Invite two or three volunteers to take one of the prepared paper plates each. Each volunteer chooses a point somewhere around the edge of the plate (make sure they all choose a point in the larger of the two segments). Next, instruct them to join the ends of the chord to their chosen point, to form a triangle. Each volunteer will then need to cut along the two lines they have drawn – supervision will be required for younger children using scissors.
Meanwhile, as they are cutting out their angles, take another paper plate and draw lines from the ends of the chord to the centre. One way to mark the centre is to fold a plate to give a semi-circle, and use this to draw two diameters that cross in the centre.
Now for the big reveal! You could invite the volunteers to compare their angles so they can arrange themselves in order from smallest to biggest angle, or simply wow them with the prediction that all of their angles will be identical, no matter which point they chose! For an extra punch to the punchline, cut out the angle at the centre of your plate, and show that any two of the angles at the circumference go together to make an angle the same size as your centre angle!
For some, the wow moment of the angles being the same is enough, but some people will be desperate to know WHY this trick works. Here’s a diagram that you can prepare in advance on a paper plate to show them.

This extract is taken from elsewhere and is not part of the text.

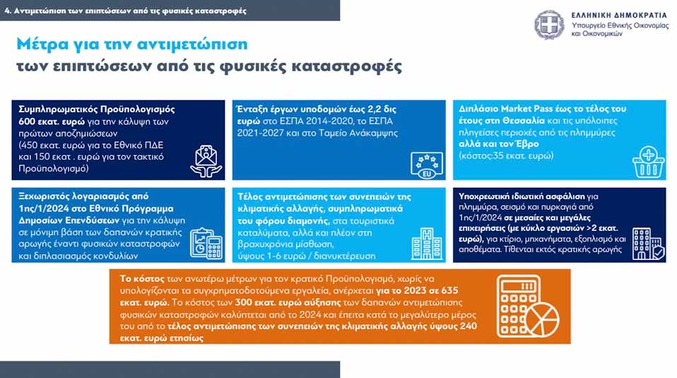 3. Δημιουργείται από 1/1/2024 ξεχωριστός λογαριασμός στο Εθνικό Πρόγραμμα Δημοσίων Επενδύσεων που θα καλύπτει σε μόνιμη βάση τις δαπάνες κρατικής αρωγής έναντι φυσικών καταστροφών. Αυξάνεται το ύψος των διαθέσιμων κονδυλίων για αυτόν τον λογαριασμό από 300 εκατ. ετησίως που σήμερα βρίσκονται στο Πρόγραμμα Κρατικής Αρωγής, σε 600 εκατ. ευρώ ετησίως (αύξηση κατά 300 εκατ. ευρώ), για να καλύψει τόσο τις υπόλοιπες αποζημιώσεις της τρέχουσας καταστροφής αλλά και για να καλύπτει μελλοντικές καταστροφές τα επόμενα έτη.

A point is chosen on the circumference, and lines are drawn from the chord to that point, and to the centre of the circle. This forms three isosceles triangles; they are isosceles because two sides are radii. This tells us that the pink angles (marked a) are equal, the pale blue angles (marked b) are equal, and the purple angles (marked c) are equal.
Dark blue and two purples form a triangle; two pinks, two light blues and two purples also form a triangle. That means the dark blue angle is equivalent to two pinks and two light blues! (Using algebra, 2a+2b+2c = 2c + d, so d=2a+2b.)
This is fine when there is no overlapping, but what if the centre of the circle is outside the triangle formed by the chord and the point on the circumference?
This time, I’ve marked two pink angles a, in an isosceles triangle as before. In the other isosceles triangle, I’ve marked a purple angle c and then I know the other angle is a+c, which I represented by putting two blobs of colour together.
Two pinks, a brown and a green is the same as two pinks, two purples and a brown, so the green is equivalent to two purples. (Algebraically, 2a + b + d = a + c + a + c + b, so d = 2c.)
I have written the proof algebraically as well as using colours; you can use colours, symbols, emoji stickers, whatever you like really! Avoiding algebra might be useful if dealing with an audience who might be mathsphobic or not yet fluent with algebra.
You could also use paper plates to show that the angle in a semicircle is always 90°, or that opposite angles in a cyclic quadrilateral add up to 180°.